The UK Government has officially unveiled its Spring Budget, with a whole host of spending commitments for the electrical industry included.
In a series of articles on Electrical Review, we plan to share both the industry’s reaction as well as the top announcements from the Spring Budget, which was unveiled on March 15.
In this part one, we will detail the UK Government’s renewed commitment to offering energy bill support for UK households. However, there’s more to come, the first batch of articles will be available today (March 17), but you’ll be able to get the final articles next week.
Renewed support for energy bills
Arguably the biggest impact on consumers of electricity in the UK will be the renewed support the UK Government is planning to give for energy bills. While Chancellor Jeremy Hunt had initially announced that the UK Government would reduce its support, hours before the Spring Budget was formally announced, the Treasury confirmed that it would be continuing the current level of support.
That means households across the UK would continue to have their energy bills capped, with the average household expected to pay no more than £2,500 per year. This was initially expected to increase to £3,000 a year, but industry lobbying forced the Government into a u-turn.
The reasoning behind the Government’s change of heart comes thanks to a reduction in the wholesale cost of electricity, which has been declining since the peaks we saw last year. That has meant that the policy has cost the UK Government less than initially expected, allowing it to have more headroom to expand the current level of support.

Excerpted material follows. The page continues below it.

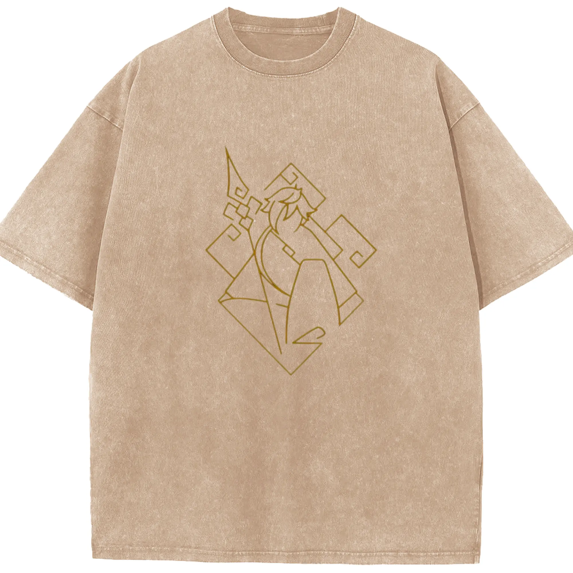 Genshin 岩神がんしんモラクス ショウリ - 綿100% ヴィンテージ風 半袖Tシャツ ・ フロントプリント ・ 柔らか肌触り ・ 通気性 快適 ・ スポーツ カジュアル 外出用

However, the UK Government did also confirm that all support would cease at the end of June, although Ofgem’s price cap should have dropped to below the Government’s level of support by then. Cornwall Insight has estimated that Ofgem will set the cap at around £2,200 for the July-September period, increasing slightly in the October-December period to £2,241.
In addition to the UK Government’s extension for the current level of energy bill support, Jeremy Hunt also confirmed that community swimming pools up and down the country would benefit from additional support. Given the high cost of keeping swimming pools heated, there have been worries in some communities across the UK that councils would be forced to close their swimming pools due to spiralling energy bills. Now the UK Government is coming to the rescue.
The support for leisure centres comes in the form of a £63 million funding pot, which will not only go towards heating bills but also to help those leisure centres improve their energy efficiency – meaning their future energy bills are lower.
Businesses will also benefit from a reduction to their bills, as long as they continue to take part in the Climate Change Agreement scheme, which has been extended for a further two years.
The scheme offers businesses a discount on the Climate Change Levy, a tax added to electricity and fuel bills, in exchange for commitments to reduce their energy use and carbon dioxide emissions.
However, the UK Government did not announce any amendments to the upcoming planned changes to the Energy Bill Discount Scheme, which is offered to non-domestic energy users. This could mean many businesses across the UK see their energy bills begin to tick back up.
Robert Buckley, Head of Relationship Development at Cornwall Insight, commented, “Once again, a UK budget has seen some significant energy policy announcements that will stir up conversation and opinion across the country. It also shows how reining in energy prices is seen as key to restraining inflation.
“The pre-budget announcement to maintain the Energy Price Guarantee at £2,500 had already brought much-needed clarity to energy suppliers and no doubt relief for many households.2 The additional announcement that charges for prepayment meters will be aligned with comparable direct debit charges from April 1, 2024, will further help, and we wait to see more detail on the implementation.
“Many businesses, like households, are struggling with high energy bills, and today’s statement that Climate Change Agreements will be extended by two more years from April 1, 2025, and that swimming pools and community groups will be getting access to a relief pot will be welcome news to those eligible. However, many will be left disappointed that there were no adjustments to the less supportive Energy Bill Discount Scheme due to take effect from the start of next month. While households have general support for another three months, the expectation is clear that the vast majority of users will once again see their energy bills driven by the market from the summer.”